* _TASK GOAL_
Where an image appears in the data, omit it and reproduce the rest exactly.

* _RAW DATA_
·····

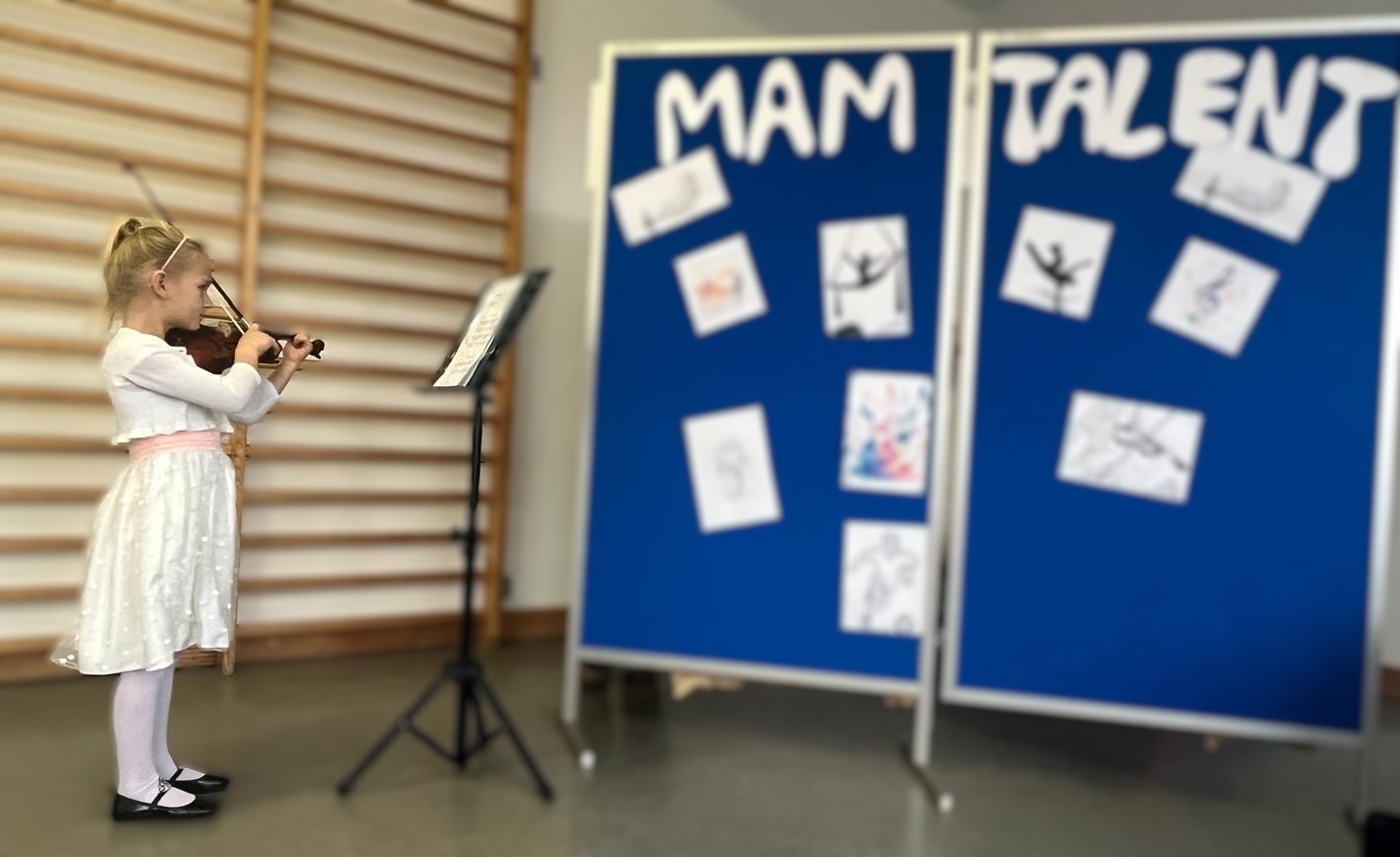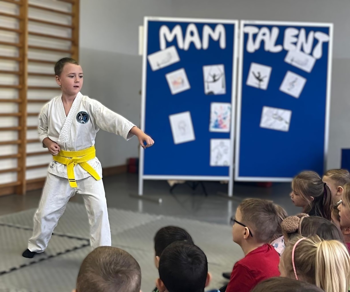 W dniu 20.11.2025r. w naszej szkole odbył się wyjątkowy konkurs "Mam Talent" , który zgromadził uczniów pełnych pasji, energii i kreatywności. Na scenie mogliśmy podziwiać różnorodne występy - od śpiewu i gry na instrumentach, przez prezentowanie wiedzy o komputerach i dinozaurach , aż po pokaz malarstwa i karate w dwóch kategoriach wiekowych: 6-7 lat oraz 8-9 lat..
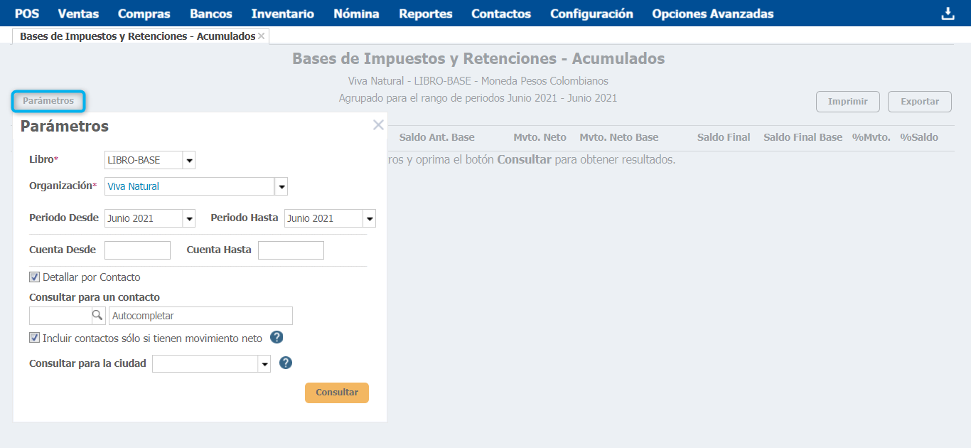 Para acceder al informe da clic en: Reportes → Auxiliar de Bases de Impuestos y Retenciones - Acumulados
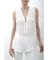 Umberta Silk Shell With Zip Trim in White

·····

* _RESPONSE AREA_
 W dniu 20.11.2025r. w naszej szkole odbył się wyjątkowy konkurs "Mam Talent" , który zgromadził uczniów pełnych pasji, energii i kreatywności. Na scenie mogliśmy podziwiać różnorodne występy - od śpiewu i gry na instrumentach, przez prezentowanie wiedzy o komputerach i dinozaurach , aż po pokaz malarstwa i karate w dwóch kategoriach wiekowych: 6-7 lat oraz 8-9 lat..
 Para acceder al informe da clic en: Reportes → Auxiliar de Bases de Impuestos y Retenciones - Acumulados
 Umberta Silk Shell With Zip Trim in White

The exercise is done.